DH, however, is often considered to be closely associated with dietary and lifestyle factors. TCM holds that excessive consumption of greasy, rich foods, alcohol, or unhygienic dietary practices may impair spleen and stomach function, leading to internal accumulation of dampness and stagnation of qi, which over time may transform into heat, giving rise to damp-heat pathology. For instance, alcohol is believed to be both “hot in nature and damp in substance,” and its overconsumption may exacerbate damp-heat accumulation. Similarly, rich foods are thought to contribute to the generation of dampness and heat [44]. In clinical practice, symptoms such as loss of appetite, abdominal distension, nausea, and jaundice—commonly observed in pancreatic cancer—are often interpreted within the TCM framework as indicative of DH [50]. Although systematic mechanistic studies on the relationship between DH and pancreatic cancer are still lacking, some clinical observations have indicated that patients with DH in advanced, unresectable pancreatic cancer may experience partial symptom relief—such as improvements in appetite, fatigue, and abdominal distension—when treated with a combination of chemotherapy and herbal formulas aimed at clearing heat and resolving dampness [51]. As such, this pattern is also regarded as relatively common among patients with this malignancy. It is worth noting that although some exploratory studies have begun to investigate the possible molecular, cellular, or microbiome-related underpinnings of these syndromes in the context of pancreatic cancer, the overall research in this area remains in an early stage, and the underlying biological mechanisms have yet to be clearly defined [47,48,52-55]. Against this backdrop, leveraging deep learning and other artificial intelligence techniques to conduct more objective and standardized phenotypic assessments of TCM syndromes in clinical populations may help advance syndrome research toward greater precision and empirical rigor. Such efforts may also facilitate the identification of potential biological correlates underlying TCM diagnostic categories, offering new avenues for integrative research.
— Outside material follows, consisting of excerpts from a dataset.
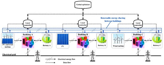 In addition to the integration with the bulk grid, building energy management strategies have also been established for microgrids [,,]. A management strategy for battery energy storage was proposed for commercial building microgrids, considering the operational costs and grid resilience. This strategy was able to increase the microgrid’s resilience while maintaining the operational cost at a low level []. A framework for smart transactive energy in residential microgrids was proposed in []. An existing home-microgrid coalition formation scenario was used to verify the viability of the proposed method. Based on the work in [], an enhanced transactive energy framework was further created to enable multiple residential microgrids to cooperate with each other by forming alliances in order to increase competitiveness []. In [], the supply of regulation services by smart buildings was examined. Price signals were exchanged between the grid and building operators to adjust building energy usage. Additional research on buildings-to-grid (B2G) integration showed that HVAC control in grid-aware buildings can provide frequency management or ancillary services to the grid while maintaining occupants’ thermal comfort to an adequate level. In [], the control actions of both the power grid and buildings were coupled to optimize the performance. An MPC-based algorithm was developed to formulate the B2G integration, accounting for the time-scale discrepancy. To solve the duck-curve challenges by reducing the load-ramp rate, a predictive bidirectional control framework was presented in [] for power flow control of B2G systems. Mirakhorli et al. [] proposed a unique load aggregation method that used model predictive controlled loads and integrated power generation, grid constraints, and human behavior in a large cluster of buildings. The proposed method improved the control over multiple appliances and storage systems by introducing a behavior-driven price-based MPC for residential building energy management systems. Extensive testing on a large distribution network showed significant reductions in nodal voltage drop and peak loads with a 21% reduction in generation costs. Fan et al. [] proposed a collaborative control optimization approach, as shown in Figure 16, for grid-connected NZEBs to improve their performance at the building group level. This approach used a game theoretic framework to coordinate the control of multiple NZEBs in order to maximize their overall performance. The results showed that the proposed approach can reduce peak demand, improve grid stability, and increase the utilization of renewable energy sources. Clastres et al. [] proposed a mathematical model for optimizing the operation of a domestic PV system to provide ancillary services to the electricity grid. The model considered the intermittent nature of solar generation, the cost of electricity, and the value of ancillary services. It was found that PV systems can provide significant ancillary services to the grid, such as frequency regulation and voltage control. This could lead to increased reliability of the grid, reduced need for conventional generators, and lower electricity prices.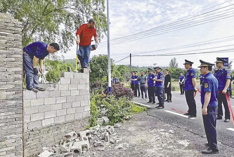 近段,桃江县相关部门工作人员在执法过程中发现,崆峒村某村民在桃益大道南侧违规搭建围墙,经调查认定,当事人未依法取得《建设工程规划许可证》等相关手续,且存交通安全隐患,于是依法对当事人下发停工整改文书,但当事人没有整改,而且没有停工。经相关部门联合执法,终于拆除违建。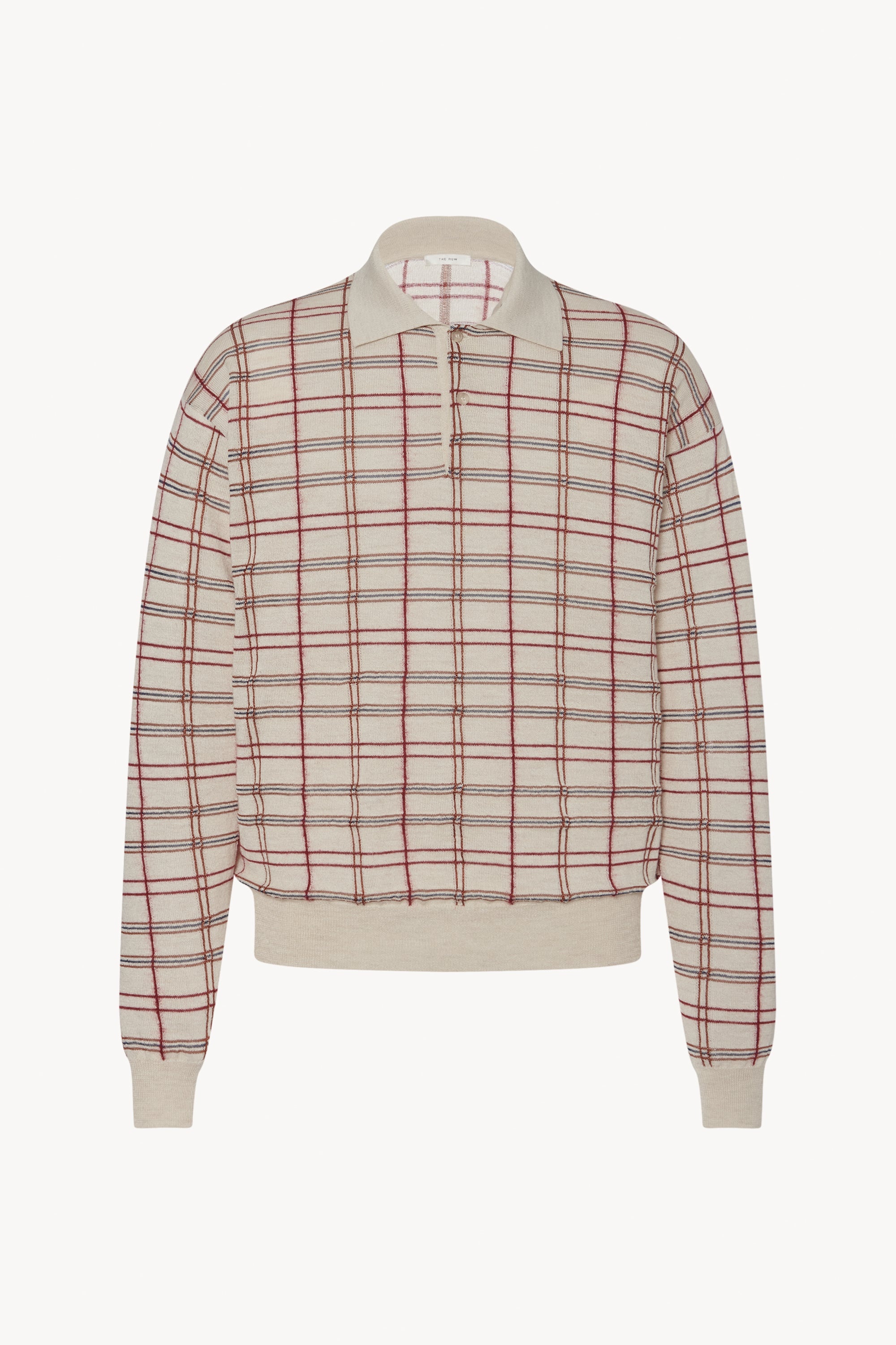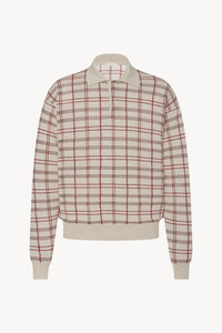 Long-sleeved polo in soft llama silk with 2-button collar, straight fit, and contrast tartan pattern. More information - 59% Llama, 34% Silk, 3% Mohair, 2% Alpaca, 2% Polyamide - Made in Italy - Style: 650Y743AGD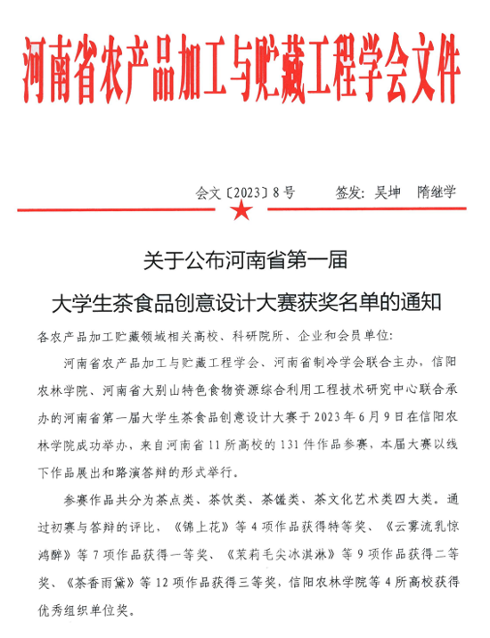 2023/06/17食品工程系在河南省第一届大学生茶食品创意设计大赛喜获佳绩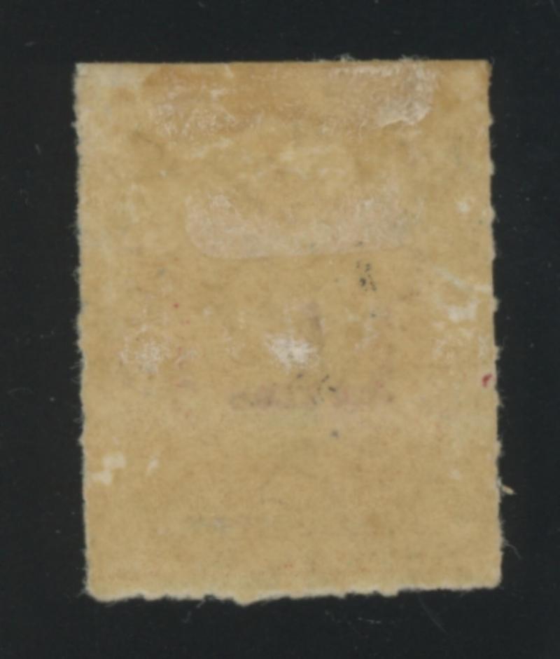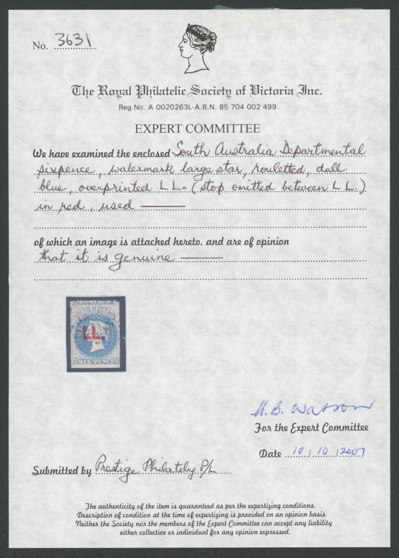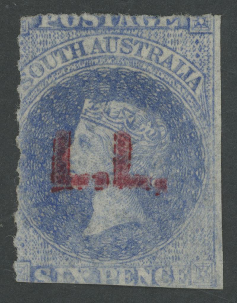 427 F imageRED OVERPRINT: 'LL.' (No Stop between 'LL') on QV Perkins Bacon Large Star Wmk Rouletted 6d ultramarine SG DO306a, rouletting at top & right and cut from the sheet clear of the design at left & base, light indistinct cds, Cat £225. Rated R. Ex Victor Bullock: sold for $845 (Sale 130 Lot 492). RPSV Certificate (2007). The 'Tamiami' example sold for $455 (Sale 236 Lot 633). Don Pearce's example - ironed-out crease - sold for $359 (Sale 247 Lot 445). (Image1) (Image2) (Image3)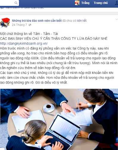 | Trang mạng xã hội cảnh báo chiêu lừa đảo mà sinh viên cần biết. |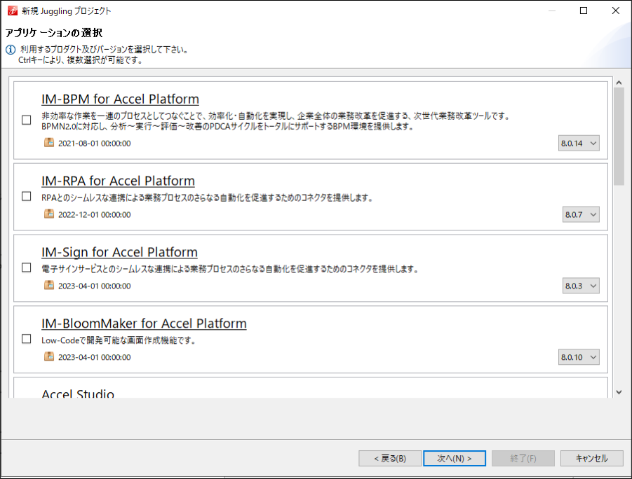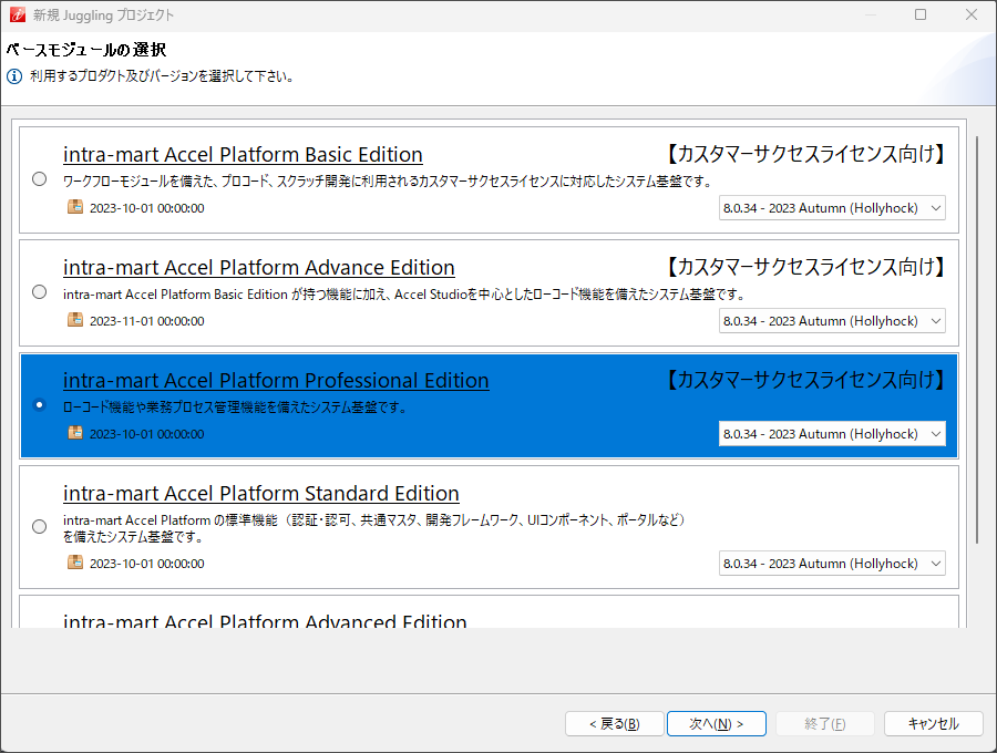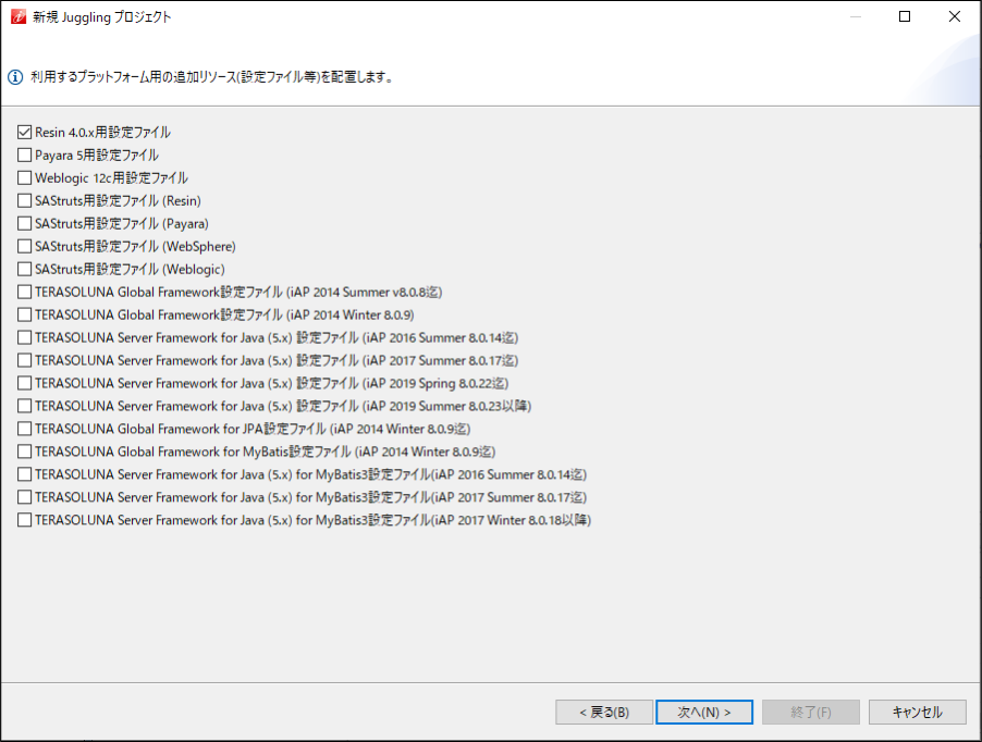 カスタマーサクセスライセンス向けのベーシックとプロフェッショナルは、intra-mart Accel Platform 2023 Spring(Gerbera) 以降より、ご利用いただけます。カスタマーサクセスライセンス向けのアドバンスは、intra-mart Accel Platform 2023 Autumn(Hollyhock) 以降より、ご利用いただけます。ASEAN地域向けのプロコードとローコードは、intra-mart Accel Platform 2024 Spring(Iris) 以降より、ご利用いただけます。 利用するアプリケーションを選択します。選択後、「次へ(N)」をクリックします。 利用するプラットフォーム用の追加リソース(設定ファイル等)を選択します。選択後、「次へ(N)」をクリックします。注意
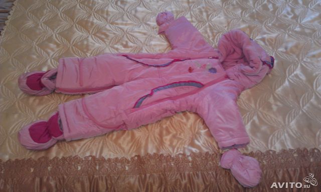 Для девочки. Размер: 62-68 см (2-6 мес) На рост 68 см. В комплекте мягкие ботиночки и варежки. Наполнитель - холлофайбер. Не использовался. тел. 8-917-839-91-62.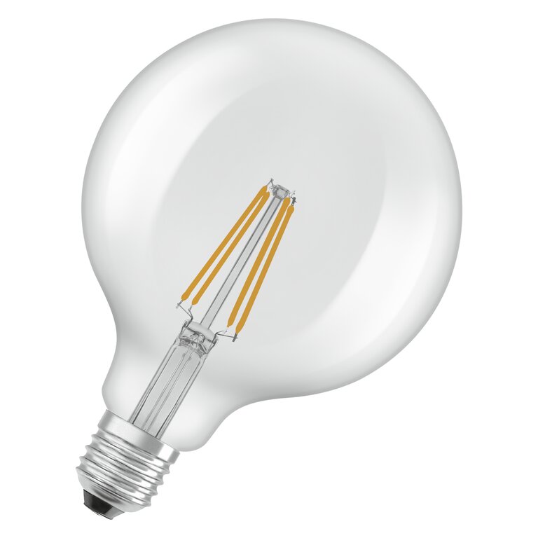 Die Osram / Ledvance Star Globe G125 LED Filament ist ein hochwertiges Leuchtmittel, das klassische Ästhetik mit moderner Technik vereint. Mit ihrem auffälligen Globe-Design und dem klaren Glaskolben setzt sie stilvolle Akzente in jedem Raum. Die sichtbaren Filamente erinnern an traditionelle Lichtquellen, während die LED-Technologie für eine effiziente und langlebige Beleuchtung sorgt. Dank des E27-Sockels ist die Installation denkbar einfach und kompatibel mit einer Vielzahl von Leuchten. Die Globe G125 eignet sich hervorragend für offene Leuchten, Pendelleuchten oder dekorative Lampen, bei denen das Leuchtmittel selbst zum Blickfang wird.Leistungsstarke und angenehme Lichtqualität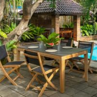 На сиденье и спинке практичный материал Textilene, его легко мыть, продувается и не выгорает. Тик, используемый в изготовлении этого стула — только класса А. Также, как всю нашу мебель, стул можно использовать круглый год. Обратите внимание на столы из коллекции AQUARIVA, с ними у Вас получится прекрасный обеденный комплект и композиция получит законченный вид!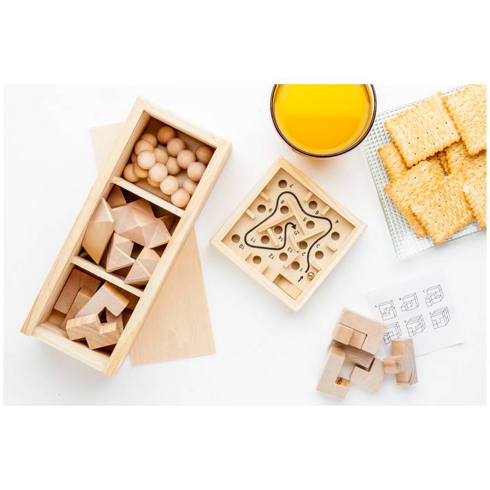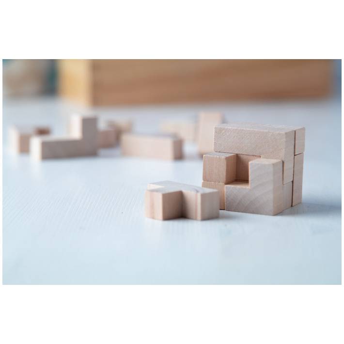 Geduldspiel aus Holz, ergibt einen Würfel. Einzeln im Baumwollbeutel (100 x 170mm).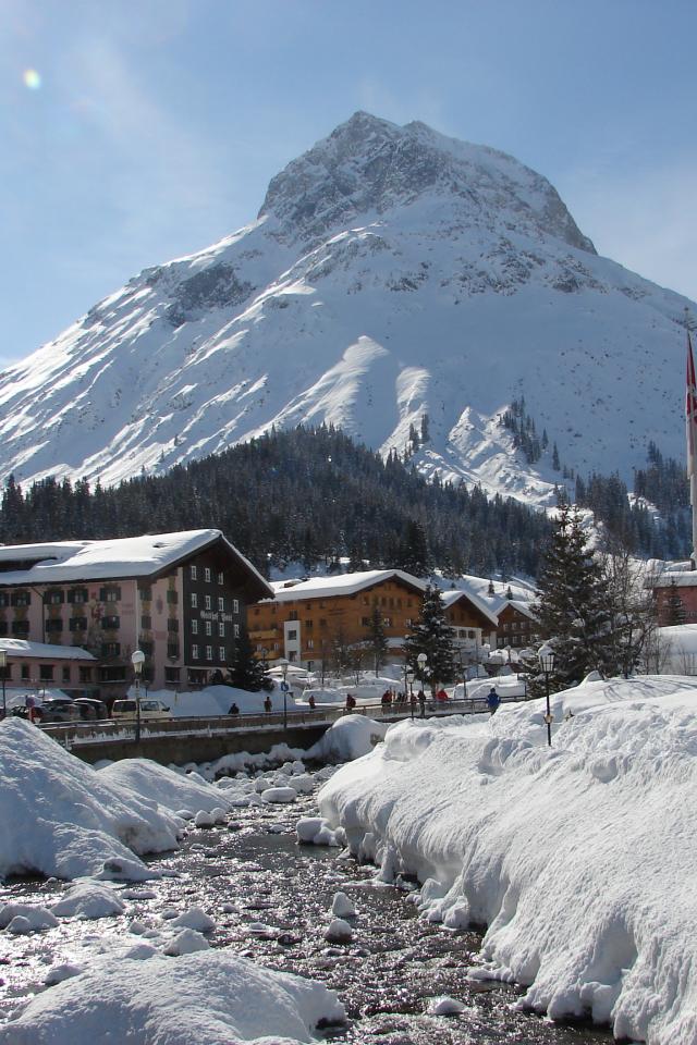 Wallpaper Mountain River in the ski resort of Lech, Austria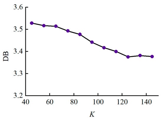 The length of sliding window and cluster center number K have a great influence in the calculation efficiency and accuracy. Considering the calculation complexity of the LTSS matrix, the parameter is set to take value from the range with a step size of 3. is adaptively determined by DB index as described in Section 2.3.2. The smaller the DB index, the better the clustering results, so the best cluster number is set to 125 as shown in Figure 10. For each sample, the output matrix size is after extracting basic features through the LTSS-BoW model.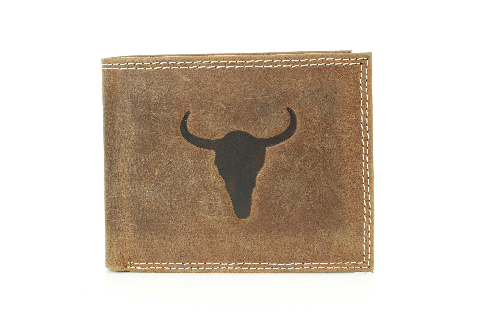 Men’s Bi-Fold Wallet with Embossed Bison Skull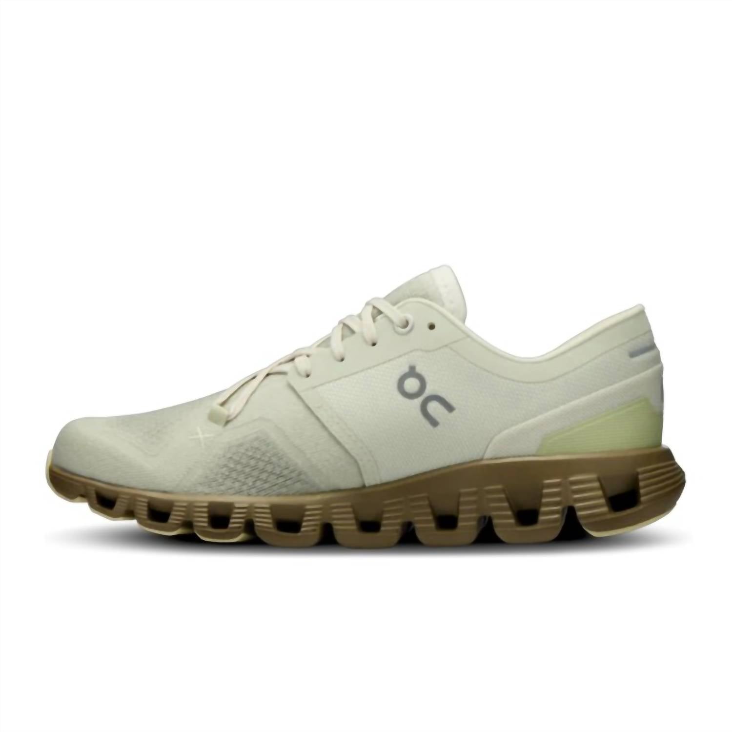 Cute, functional, and comfortable. These sneakers check all the boxes. Experience unparalleled performance with the Women’s Cloud X 3 Sneaker by On Cloud, crafted for athleisure enthusiasts and perfect for game day style. Featuring a round toe and ultralight construction, this sneaker in the Aloe Hunter color is ideal for spring activities. Its highly reactive design ensures superior fit and breathability. Enjoy the versatility and comfort whether you're running or engaging in various activities.

Feature Labeling in Expert Knowledge Learning for the TCMPCSD-BERT Model and Analysis of Study Results
In this study, TCMPCSD-BERT is designed to learn expert knowledge by identifying the key elements of syndrome differentiation in the training data. The model’s learning focus is influenced by several factors, including “knowledge framework construction,” “syndrome feature extraction,” “syndrome differentiation element weighting and symptom severity assessment,” and “syndrome differentiation thresholds setting.” A more detailed discussion on how these factors impact the focus of the TCMPCSD-BERT model’s learning can be found in Multimedia Appendix 13 (feature labeling in expert knowledge learning for the TCMPCSD-BERT model).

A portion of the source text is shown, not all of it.